С течением времени владетельные князья стали замечать, что эта система, столь выгодная для дворянства, совершенно не отвечает их собственным интересам. Крестьяне платили государственные подати до того, как их согнали с земли; после же присоединения гуф к свободному от податей доминиуму государство не получало с них ни полушки, а от вновь поселенных безнадельных крестьян разве только жалкие гроши. Часть согнанных с земли крестьян оказалась излишней для помещичьего хозяйства и была просто выброшена вон; эти крестьяне стали, таким образом, свободными, то есть свободными, как птицы, нищими. Сельское население сокращалось, а с тех пор как владетельный князь начал пополнять свое дорогостоящее наемное войско более дешевым рекрутским набором среди крестьян, это ему было далеко не безразлично. Так на протяжении всего XVIII века издаются, особенно в Пруссии, один за другим указы, имеющие целью приостановить сгон крестьян с земли. Но эти указы постигла такая же участь, как и девяносто девять сотых той необозримой макулатуры, которая со времени капитуляриев Карла Великого[280] выходила из-под пера всех германских правительств; они так и оставались на бумаге; дворянство обращало на них мало внимания, и сгон крестьян с земли продолжался.

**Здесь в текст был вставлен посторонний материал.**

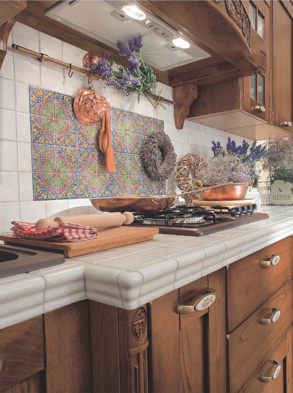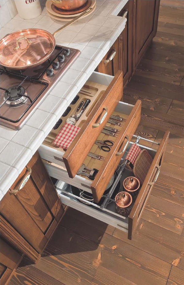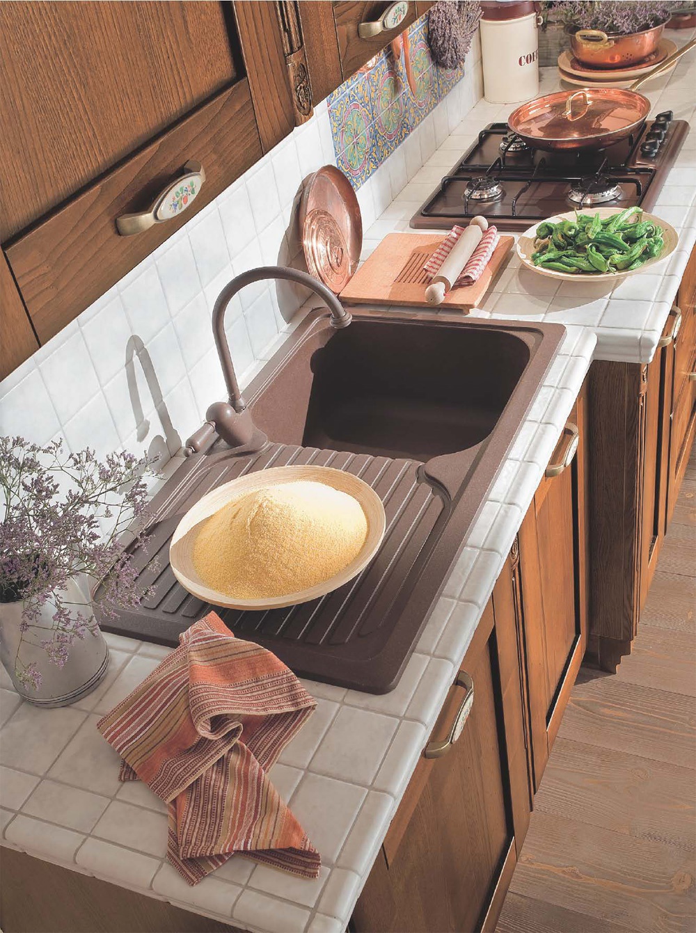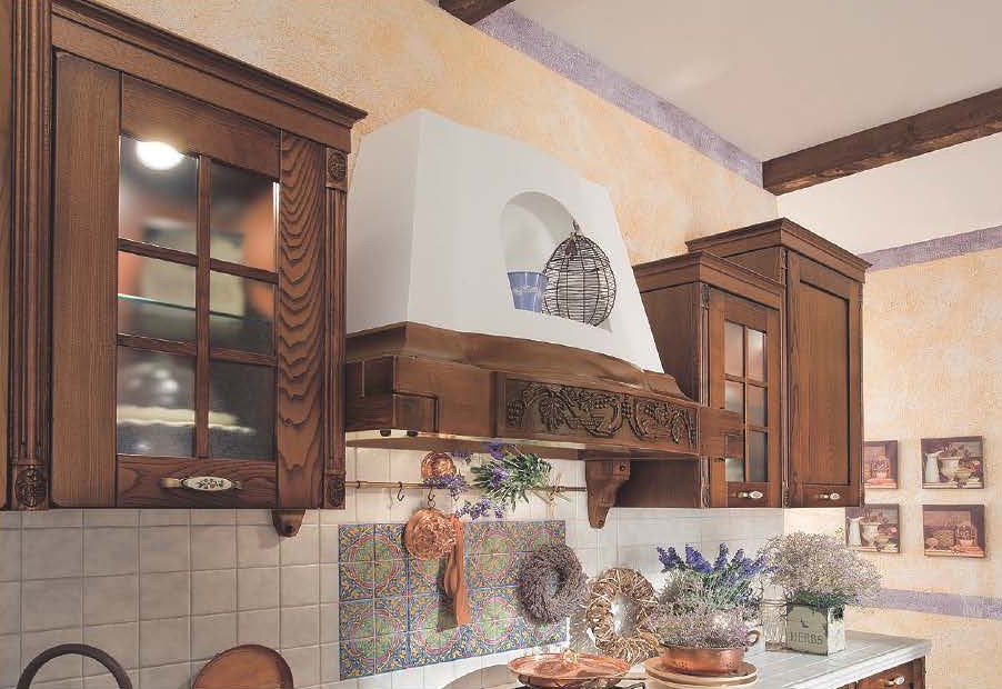 structure: wood facades: chestnut facades: Satinato (matte) handles: bronze countertop: ceramics hood: carved |
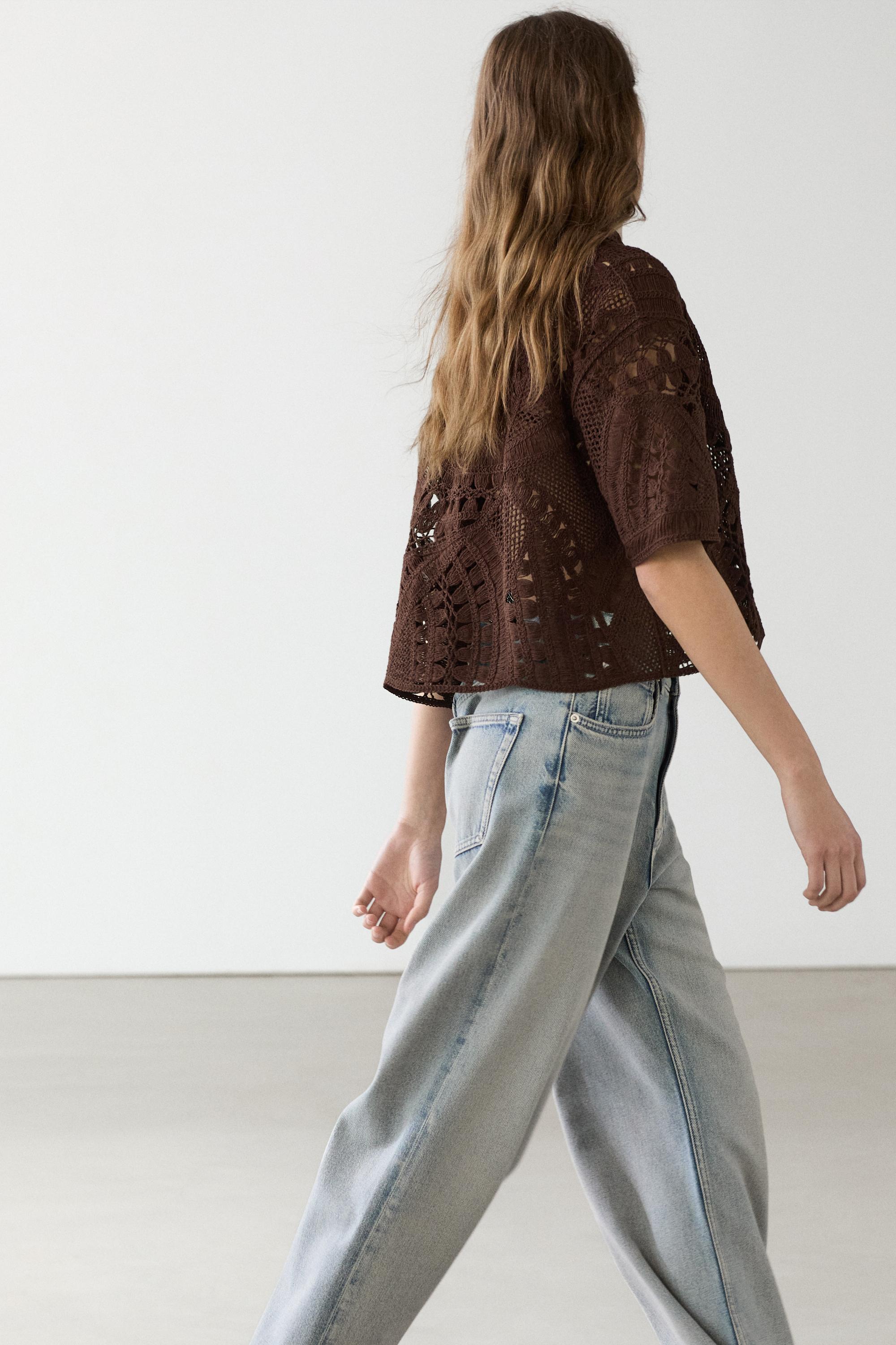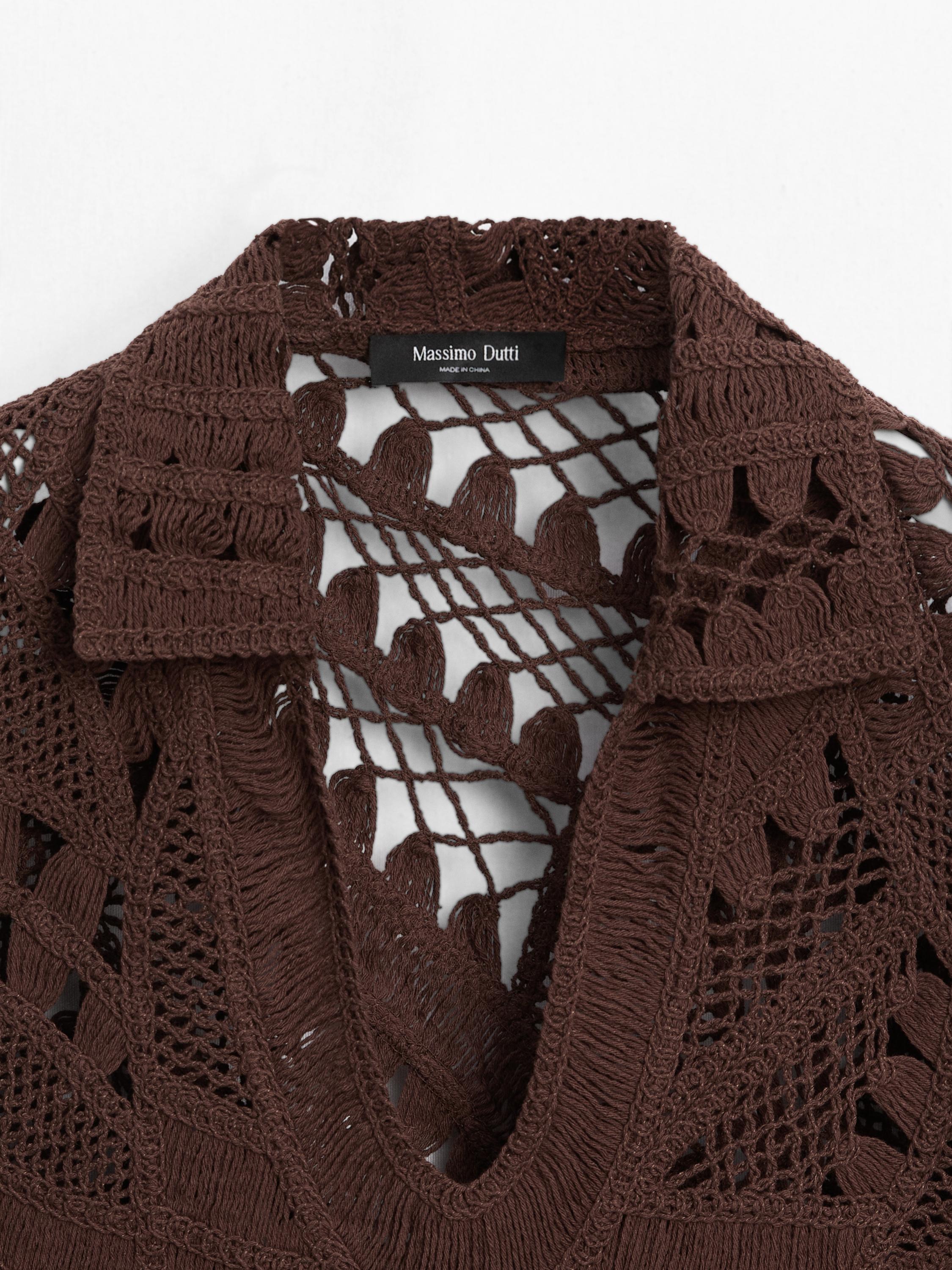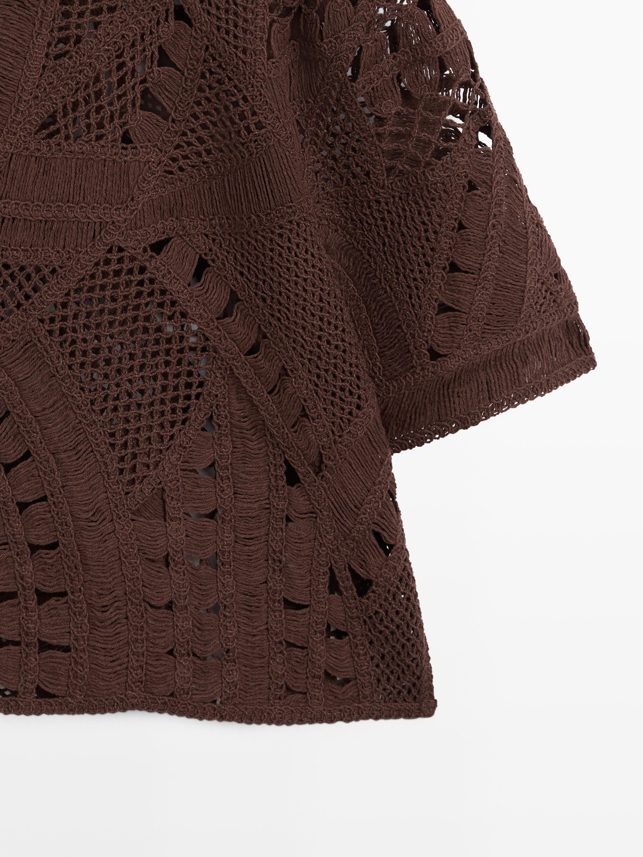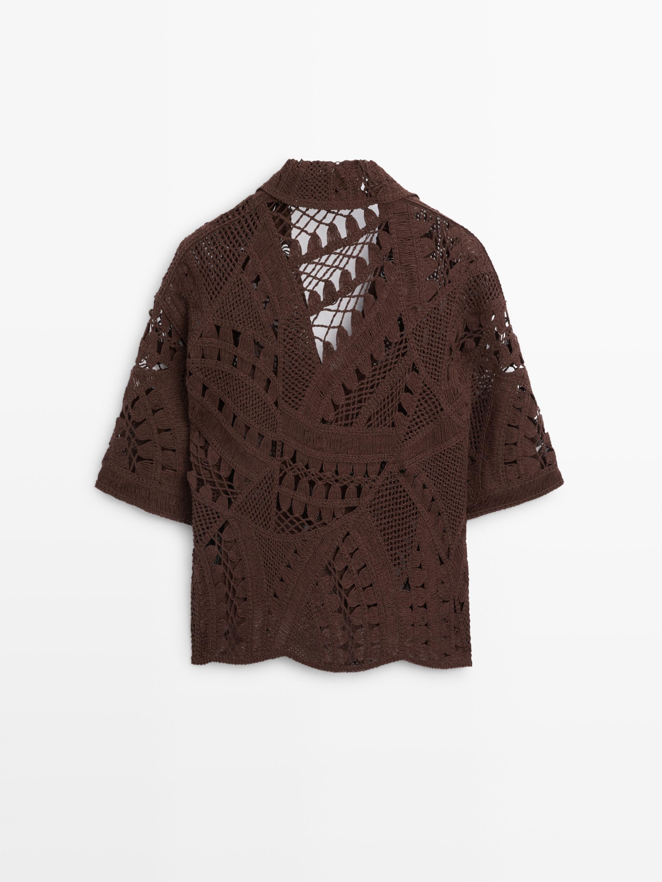 Футболка из смесовой хлопковой ткани. Широкий многослойный воротник. Короткие рукава. Ажурная ткань. Ткань, связанная крючком.

Даже грозный урок, преподанный великой французской революцией упрямому феодальному дворянству, напугал его лишь на короткий срок. Все оставалось по-старому, и то, что не удалось Фридриху II[281], тем менее могло удаться его слабому и недальновидному племяннику Фридриху-Вильгельму III. Но возмездие пришло. 14 октября 1806 г. при Йене и Ауэрштедте все прусское государство было разбито в один день, и у прусского крестьянина имеются все основания праздновать этот день, как и день 18 марта 1848 г., больше, чем все прусские победы от Мольвица до Седана[282]. Только теперь, наконец, отогнанное до самой русской границы прусское правительство начала смутно понимать, что сыновей свободных, прочно владеющих землей французских крестьян нельзя победить при помощи сыновей крепостных барщинников, находящихся под постоянной угрозой сгона со своих дворов; только теперь, наконец, оно заметило, что и крестьянин, между прочим, тоже человек. Теперь-то должны были быть приняты меры.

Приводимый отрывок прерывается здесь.